* [Source material]:
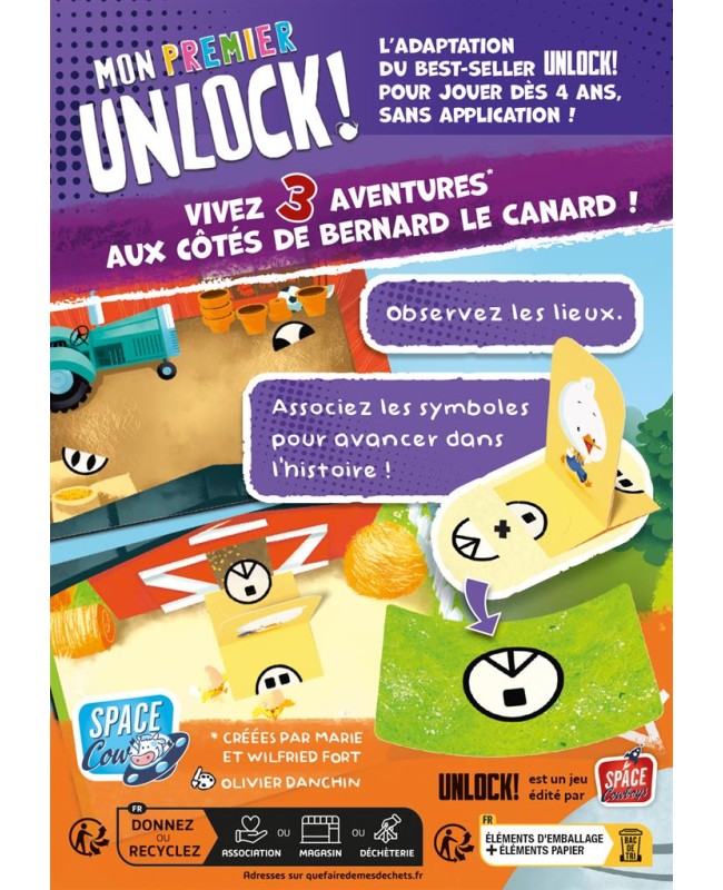 5Plongez dans l’univers d’Unlock! dès 4 ans avec Mon Premier Unlock! et aidez Bernard le canard à accomplir ses missions. Observez bien les cartes qui forment un paysage et associez les demi-symboles visibles sur les cartes à l’aide du pion Bernard pour progresser dans l’histoire. Les petits vont adorer pouvoir mener l'enquête.
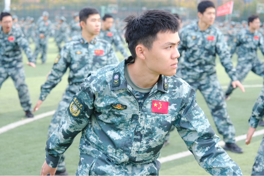持续一个十月的军训进入了尾声,落日的余晖照耀着二连所有参训学生经过30天的训练而变得更加坚毅的脸,在军训中练技巧、练体能、练精神。
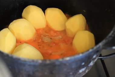Картофель очистите, с баклажана срежьте места крепления плодоножки. Нарежьте картофель и баклажан крупными кусочками. Помидоры ополосните и разрежьте на 4-8 частей. Добавьте всё в казан.
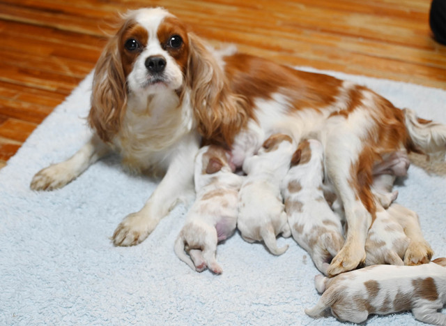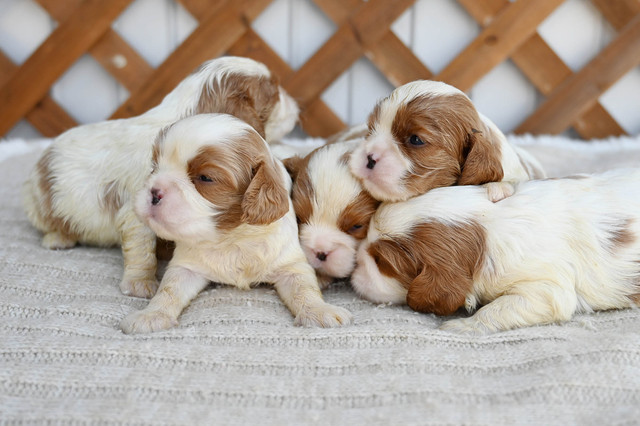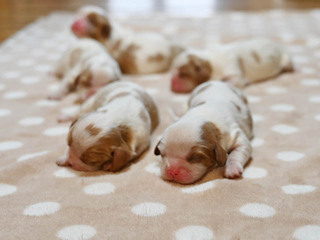 お問い合わせ番号: S_368 仔犬掲載日:2026/02/03 最終更新日:2026/02/18 キャバリアキングチャールズスパニエル 男の子 3匹 女の子 2匹 親犬コメント 穏やかで愛情深いお母さんです。面倒見が良く赤ちゃんもスクスクと成長しています 仔犬コメント 1月30日にキャバリアが産まれました。健康状態はまだ保障が出来ないため正式にお譲りする事ができません。3月上旬頃に仔犬販売へ掲載予定です。仔犬販売掲載前に飼い主様が決まる事も御座いますので現在の状況についてはお気軽にメール、お電話でお問い合わせ下さい。お客様へのお渡しは生後60日前後となります。予約制となっておりますのでご見学に関しては必ず事前にご連絡下さい。※女の子はお残し予定です 関連URL https://ameblo.jp/koinu-aporo/entry-12955617226.html https://ameblo.jp/koinu-aporo/entry-12957115732.html ▲ 画像クリックで拡大します。 1月18日撮影 1月18日撮影 キャバリアブリーダー キャバリアブリーダー

* [What the task requires]:
The required output is an exact copy of the lines from the start of the material above through the line containing "Картофель очистите, с", inclusive, with no pictures in it.

* [Exercise solution]:
 5Plongez dans l’univers d’Unlock! dès 4 ans avec Mon Premier Unlock! et aidez Bernard le canard à accomplir ses missions. Observez bien les cartes qui forment un paysage et associez les demi-symboles visibles sur les cartes à l’aide du pion Bernard pour progresser dans l’histoire. Les petits vont adorer pouvoir mener l'enquête.
持续一个十月的军训进入了尾声,落日的余晖照耀着二连所有参训学生经过30天的训练而变得更加坚毅的脸,在军训中练技巧、练体能、练精神。
Картофель очистите, с баклажана срежьте места крепления плодоножки. Нарежьте картофель и баклажан крупными кусочками. Помидоры ополосните и разрежьте на 4-8 частей. Добавьте всё в казан.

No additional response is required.